PROVIDED INFORMATION -
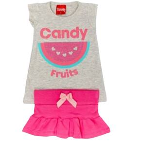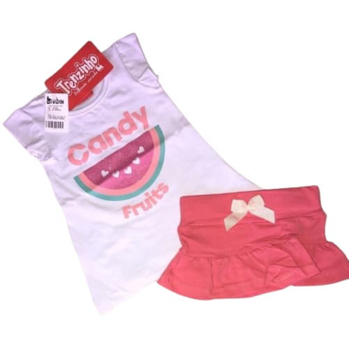 Esse conjunto de roupa infantil é composto por uma blusa e uma mini saia, disponível no tamanho 1 ao 3. A blusa possui mangas curtas e é confeccionada em um tecido leve e confortável, 94% algodão, 4% elastano e 2% poliéster. Estampa com gliter, colorido e divertido o que a torna atrativa para as crianças. Além disso, a blusa possui um decote arredondado e um caimento soltinho na parte inferior, proporcionando liberdade de movimento.A Mini saia também é feito em um tecido de qualidade, 96% algodão e 4% elastano, garantindo o conforto da criança durante o uso. A mini saia é elástico na cintura, possibilitando um ajuste perfeito ao corpo da criança. Um lacinho na frte que a torna uma opção bastante charmosa.Como características principais desse conjunto, podemos destacar a qualidade dos tecidos utilizados, que garantem o conforto da criança, além das estampas alegres e coloridas, que conferem um visual divertido e moderno. O ajuste perfeito proporcionado pelo elástico na cintura da saia também é uma característica importante, garantindo que a roupa se adapte ao corpo da criança.Esse conjunto é ideal para ocasiões descontraídas e casuais, como passeios e brincadeiras ao ar livre. Além disso, por ser composto por peças separadas, ele também permite a combinação com outras peças do guarda-roupa infantil, proporcionando versatilidade no uso.Esse conjunto está disponível em diferentes tamanhos, o que possibilita atender crianças de diferentes idades e tamanhos. É uma opção prática e estilosa para vestir as crianças com conforto e qualidade.-Envio em até 24 horas após confirmação de pagamento!Cuidados com a peça:Alvejamento – Não alvejarLavagem – Lavagem a mãoSecagem – Não secar em tamborLavagem Profissional – Não lavar a secoSecagem Natural – Secagem a sombraAcompanha o produto:1 Conjunto ( 1 Blusa + 1 Mini Saia)
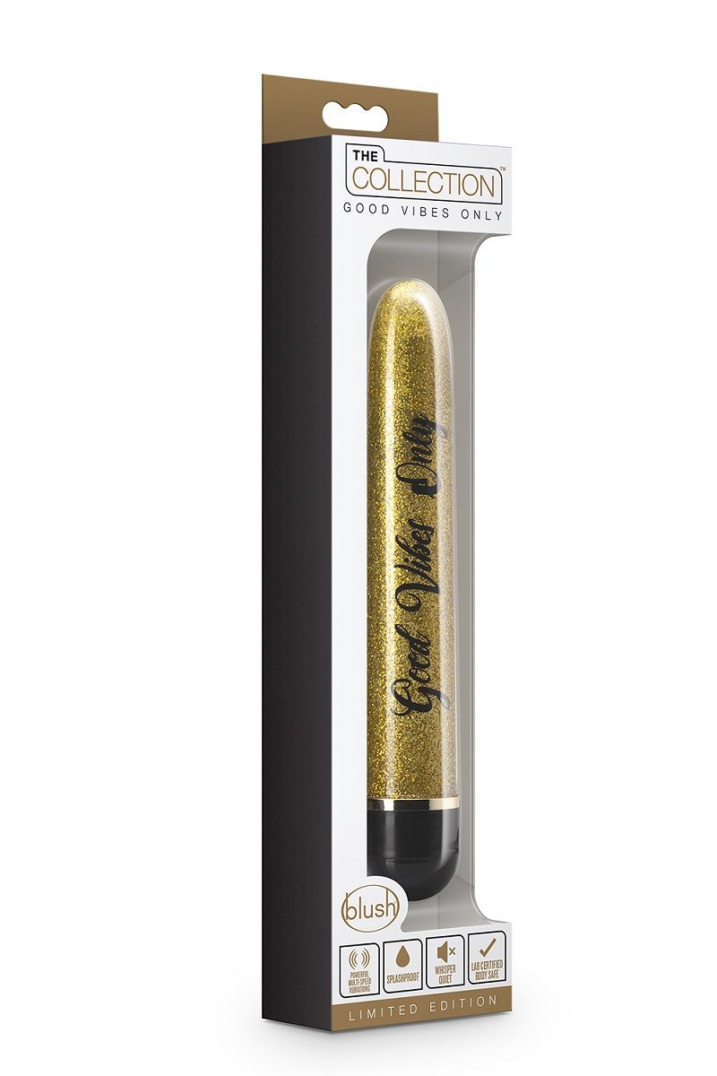 Золотистый классический вибратор Good Vibes Only. Мультискоростная вибрация.
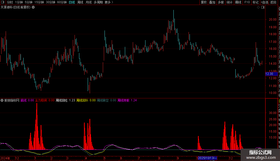 2. 辅助判断:“周线回补”(黄色)出现时,代表短期回调到位,可强化抄底信号;“周线持股”(洋红色)持续在线,说明底部企稳,持股性价比高;
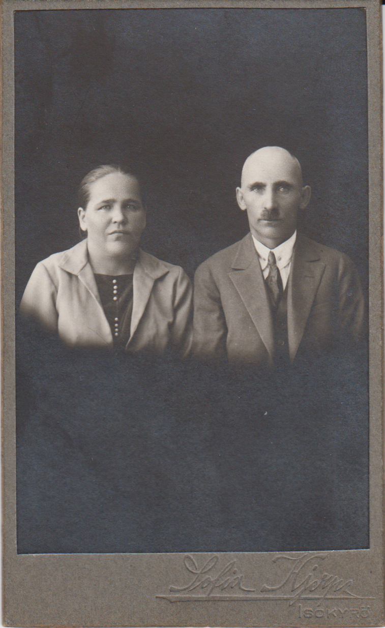 Image Lataa täysikokoinen kuva Huomioi julkaisuoikeus! Kuvan lisätiedot Kuvassa on Yrjö Mäkelä ja vaimonsa Agafia, o.s. Loginov, vuokkiniemeläisiä molemmat. Kuva on otettu Sofia Hjerpen valokuvaamossa Isossakyrössä 1930-luvun puolivälissä. Tiedot Kuvakokoelma Tunnistettavat valokuvat Asiasanat pariskunnat | henkilökuvat | tunnistaminen Paikat Nimi Isokyrö
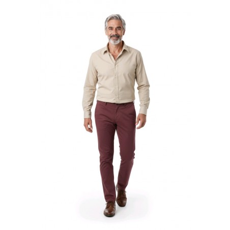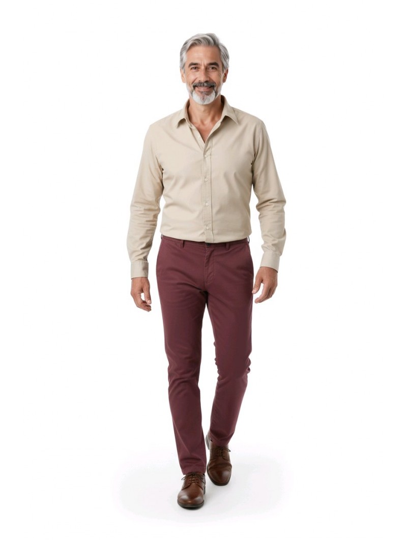 Illuminez votre style avec notre Pantalon Chino Cambridge en teinte cranberries : un classique réinventé pour ceux qui osent se démarquer.
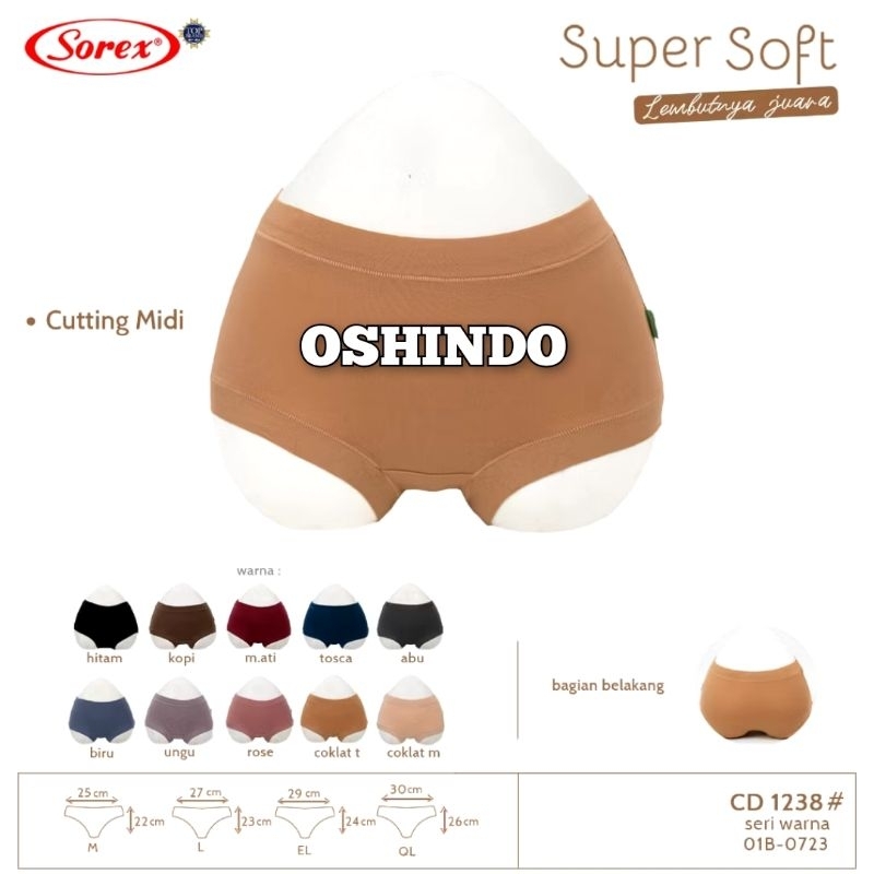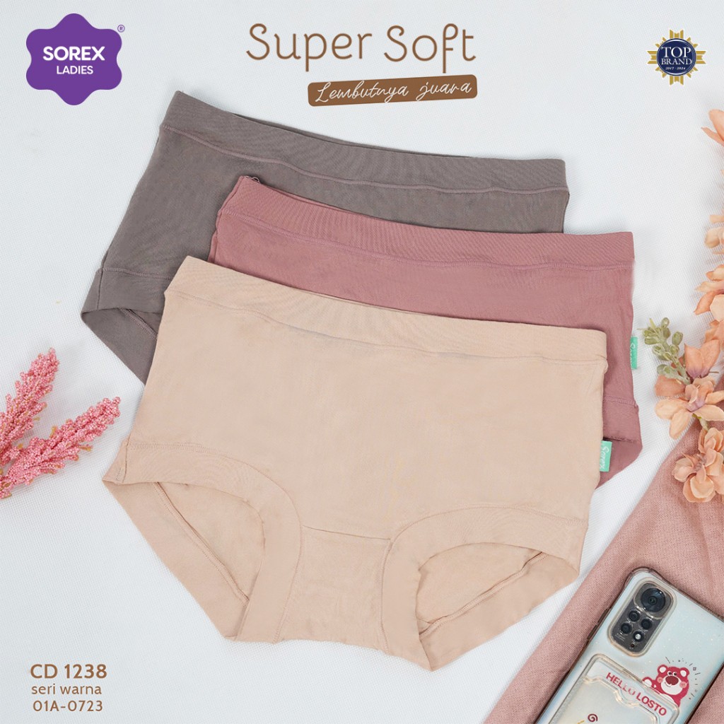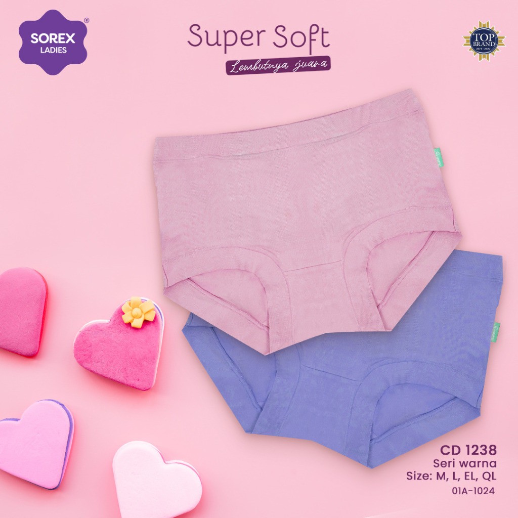 Celana dalam wanita merek Sorex edisi Super Soft (super halus) 1238 terbuat dari bahan sangat halus dan berkualitas (supeoft, harga dijamin murah)
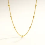 Collar de plata esterlina con recubrimiento en oro amarillo 18k diseño de cadena de eslabones con cuentas en plata. Largo 45cm
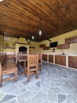 БАРБЕКЮ: Зона с мангалом и вертелом + полноценная Летняя Кухня . Укомплектована всей необходимой техникой: холодильник, морозильная камера, СВЧ, духовой шкаф, варочная поверхность, посудомоечная машина, фильтр для воды, ТВ, профессиональный звук (колонки). Рольставни закрываются от пульта.
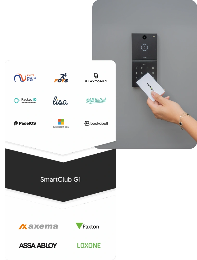 Reserveringen, pasgegevens en pincodes worden automatisch uitgewisseld met het gekozen toegangssysteem (bijv. Loxone, Axema VAKA, Paxton, Assa Abloy). De SmartClub G1 zet deze gegevens lokaal door, zodat de toegang ook werkt wanneer de internetverbinding even wegvalt.
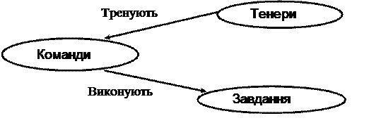 Основними поняттями ПО з організації і проведення олімпіади є поняття о тренерах та їх командах, завданнях на олімпіаду. Зв’язки між цими поняттями відображають існуючи відносини між об’єктами предметної області, а саме: - тренери тренують та готують до олімпіад команди; - команди під час проведення олімпіади вирішують завдання. Виявлені поняття (концепти) і взаємозв’язки можна надати в загальному вигляді концептуальної моделі (див. рис. 2.11).
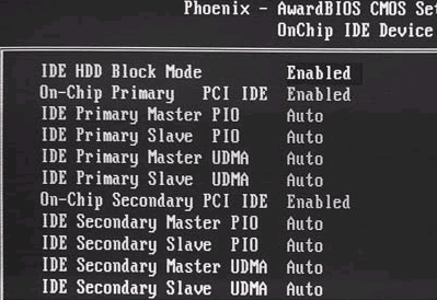 ??将所有硬盘及光驱的数据线按上述方法连接好之后,再连接好设备的电源线。接下来启动电脑进入BIOS,选择并进入“Integrated Peripherals”设置窗口,然后进入“OnChip IDE Device”设置画面。在该画面中,除了将“IDE HDD Block Mode”、“On-Chip Primary PCI IDE”、“On-Chip Secondary PCI IDE”三个选项设置为“Enabled”外,其他8个选项全部设置为“Auto” 。
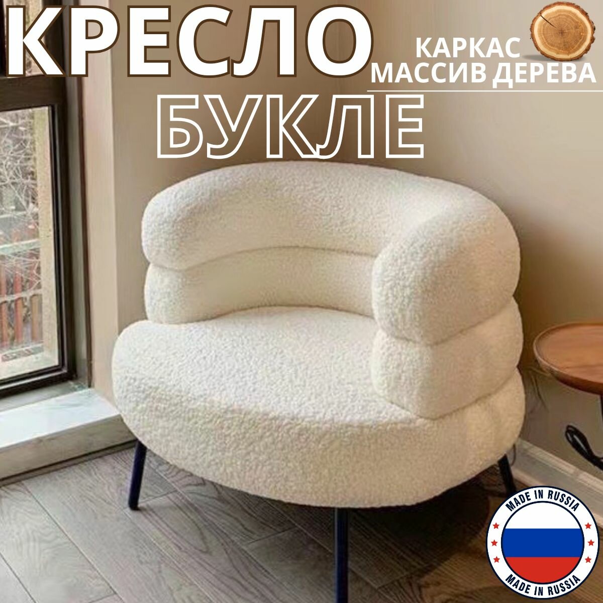 Белое круглое кресло из букле с регулируемыми ножками и металлическим каркасом для уюта в гостиной и спальне информация:
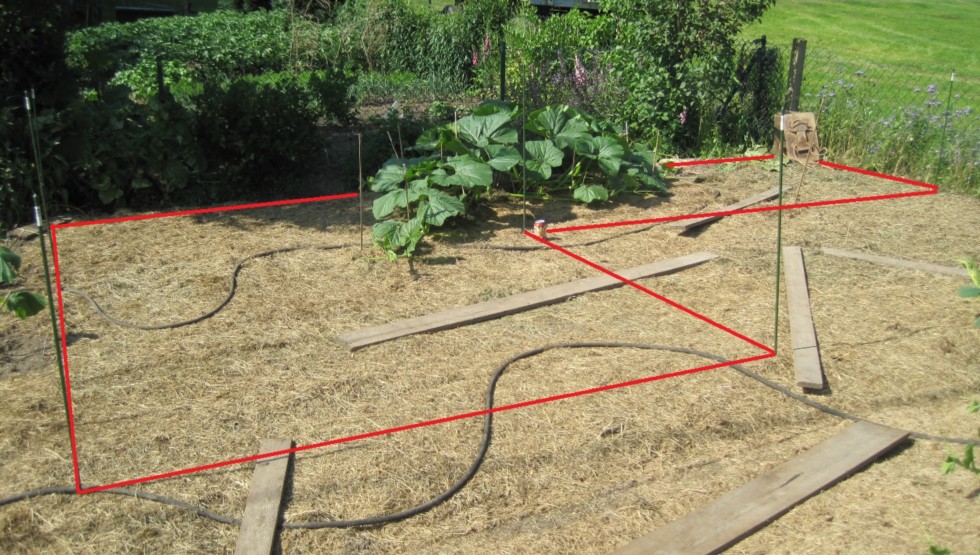 150 sqft contest plant, still plenty of room available, and it looks like the vines are friendly and adhere to my proposed vine pattern. Also, I�ve discovered a female in the main vine tip (it�s the 3rd female of this plant already), which should end up in a position close to the proposed spot and it should open somewhen in 9 - 11 days (time will tell). Also, the first male opened (good news, the plant is not sterile). This time I took care and positioned the size reference can somewhere in the pic :)
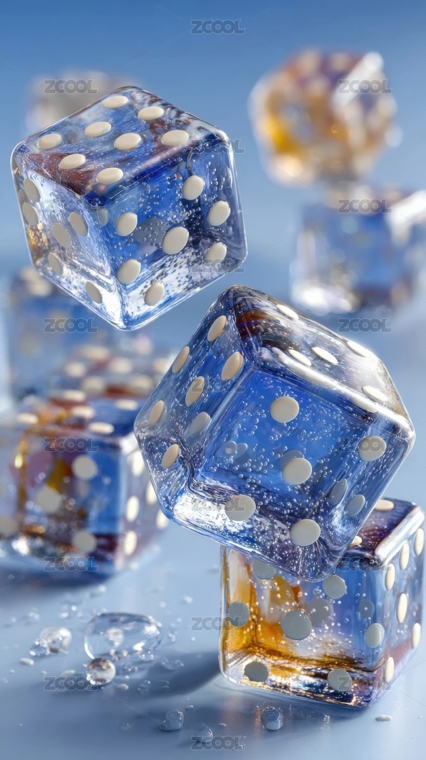 透明蓝色骰子飞舞
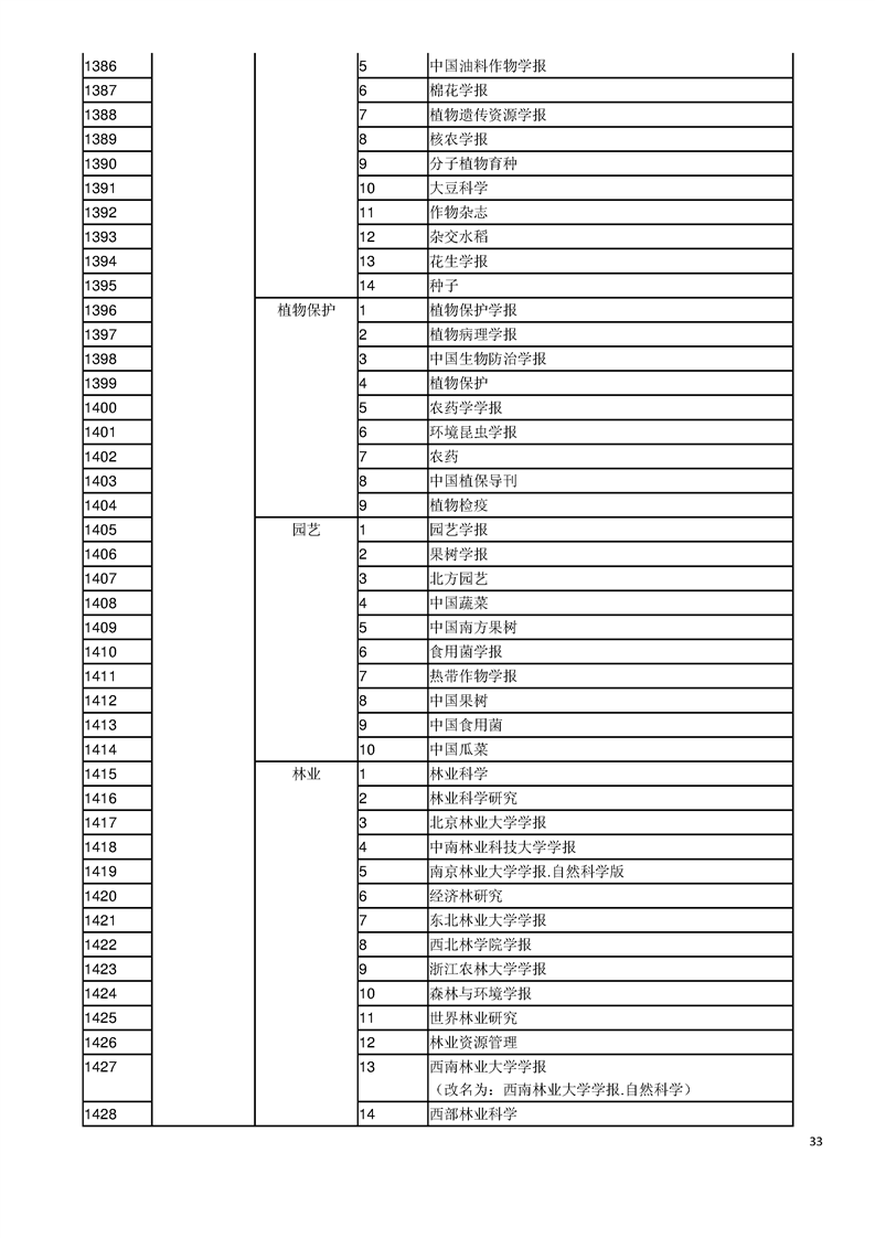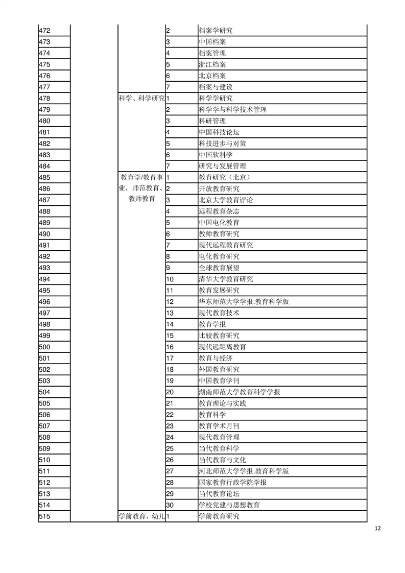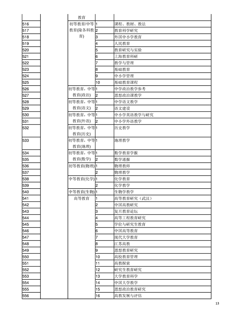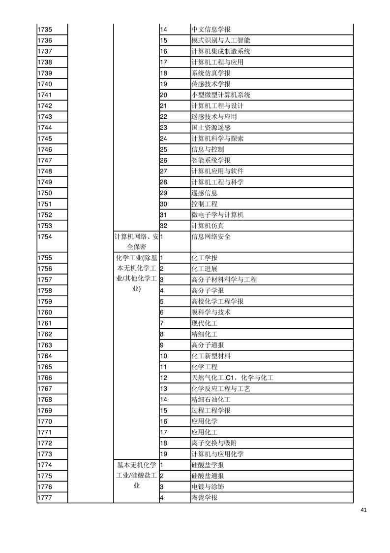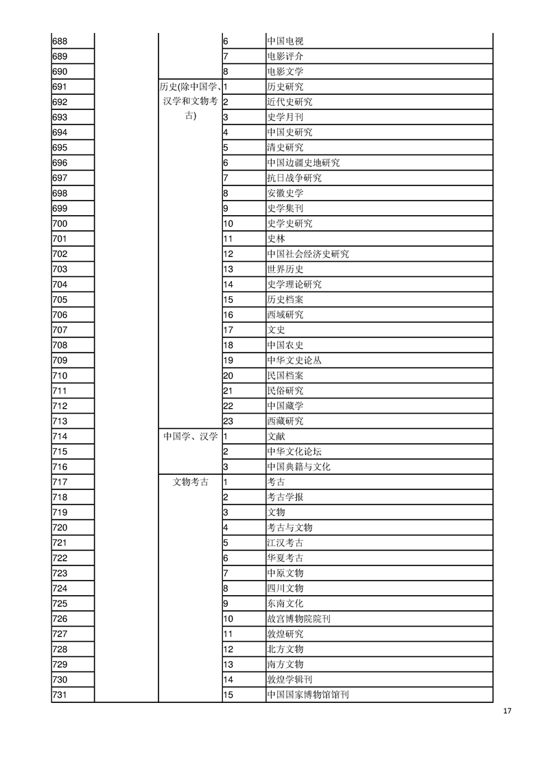 中文核心期刊目录(2017年版)

REQUIRED ACTION -
Within the data above, repeat exactly the lines from the one bearing "Collar de plata" through the one bearing "Reserveringen, pasgegevens en". Include no pictures and nothing else.

EXERCISE SOLUTION -
 Collar de plata esterlina con recubrimiento en oro amarillo 18k diseño de cadena de eslabones con cuentas en plata. Largo 45cm
 БАРБЕКЮ: Зона с мангалом и вертелом + полноценная Летняя Кухня . Укомплектована всей необходимой техникой: холодильник, морозильная камера, СВЧ, духовой шкаф, варочная поверхность, посудомоечная машина, фильтр для воды, ТВ, профессиональный звук (колонки). Рольставни закрываются от пульта.
 Reserveringen, pasgegevens en pincodes worden automatisch uitgewisseld met het gekozen toegangssysteem (bijv. Loxone, Axema VAKA, Paxton, Assa Abloy). De SmartClub G1 zet deze gegevens lokaal door, zodat de toegang ook werkt wanneer de internetverbinding even wegvalt.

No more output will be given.